Another solution bordering on plug-and-play is Adaptive Images, created by Matt Wilcox. It determines the screen size and then creates, and caches, a resized version of your image.

It’s an excellent solution for an existing site where you may not have time to restructure your markup or code. Getting it up and running is a simple three-step process:

  1. Place the .htaccess and adaptive-images.php files that are included in the download into your root folder.
  2. Create an ai-cache folder and grant it write permissions.
  3. Add the following line of JavaScript to the head of your document:
screen.height)+'; path=/';</script>

That line grabs the resolution of the screen and stores it in a cookie for future reference.

While there are many options you can configure in the adaptive-images.php, much of the time you’ll be able to get away with just setting the $resolutions variable to include your breakpoints:

$resolutions = array(860, 600, 320); // the resolution breakpoints to
use (screen widths, in pixels)

If you’re paying close attention, you’ll notice that the breakpoints are slightly off from the CSS of the Yet Another Sports Site page. There’s no 320px breakpoint in the CSS, and the highest two breakpoints, 1300px and 940px, are not included in the $resolutions array. This is because of the way the script works.

The smallest breakpoint, in this case 320px, is the size at which the image will be created for any screen that does not exceed that width. So, for example, a 300px screen will receive a 320px image because it’s the lowest size defined in the $resolutions array. A 321px screen, since it exceeds the 320px value defined in the array, will receive the next size image—in this case, 600px. If we left 600px as our first breakpoint, any device with a screen size below 600px would have received a 600px image.

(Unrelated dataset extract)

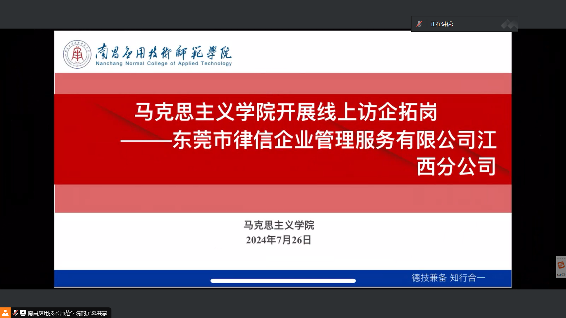 为进一步拓宽毕业生就业渠道,加强校企合作,促进学生高质量就业,76net线路检测于2024年7月26日通过视频会议的方式与东莞市律信企业管理服务有限公司江西分公司开展了线上访企拓岗活动。

We also don’t need the two highest breakpoints, because again, the script will try to resize an image to the breakpoint size. It will never size the image larger than it already is, so really, anything above 624px (the physical dimension of the image) doesn’t matter much—the script won’t resize the image.

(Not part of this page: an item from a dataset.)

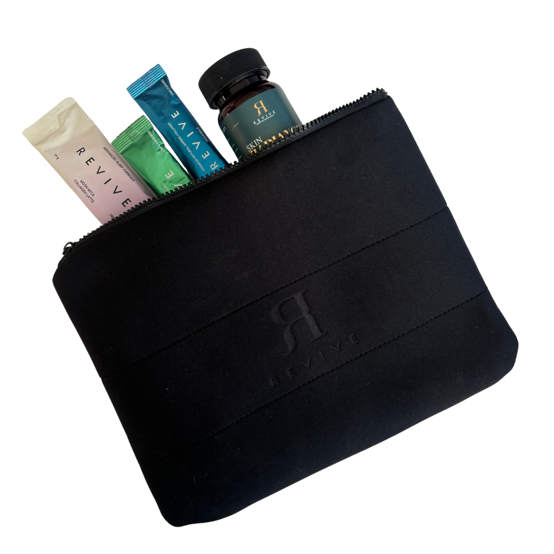 Designed with a clean silhouette and finished with an embossed REVIVE logo, this pouch is the perfect blend of functionality and elevated style.

Once created, the images are stored in the ai-cache folder (you can change the name) so they don’t have to be regenerated. There’s also a configuration setting to control how long the browser should cache the image.

The installation is simple, and again, it’s a great solution for existing sites that need to get something in place, but it’s not without its faults. Unfortunately, no opportunity for art direction exists since the images are dynamically resized.

The script also doesn’t help you if the image is actually smaller at a large resolution. For the Yet Another Sports Site page, that’s a problem. When the screen is above 1300px, the article goes to two columns and the image is placed inside one of them, reducing its size. Using the Adaptive Images script, the largest version of the image will still be downloaded.

The other concern with this approach is that the URL stays the same, regardless of the size of the image being requested. This could cause issues with Content Delivery Networks (CDNs). The first time a URL is requested, the CDN may cache it to improve the speed the next time that same resource is requested. If multiple requests for the same URL are made via the same CDN, the CDN may serve up the cached image, which may not be the size you actually want served.

Wait, what’s the answer here?

Ultimately, no definitive solution currently exists for responsive images. Each method has advantages and disadvantages. The approach you take will depend on the project you’re working on.

Of the two approaches we’ve discussed, settling on Adaptive Images is probably the best route to take since it doesn’t require any reliance on a third-party source.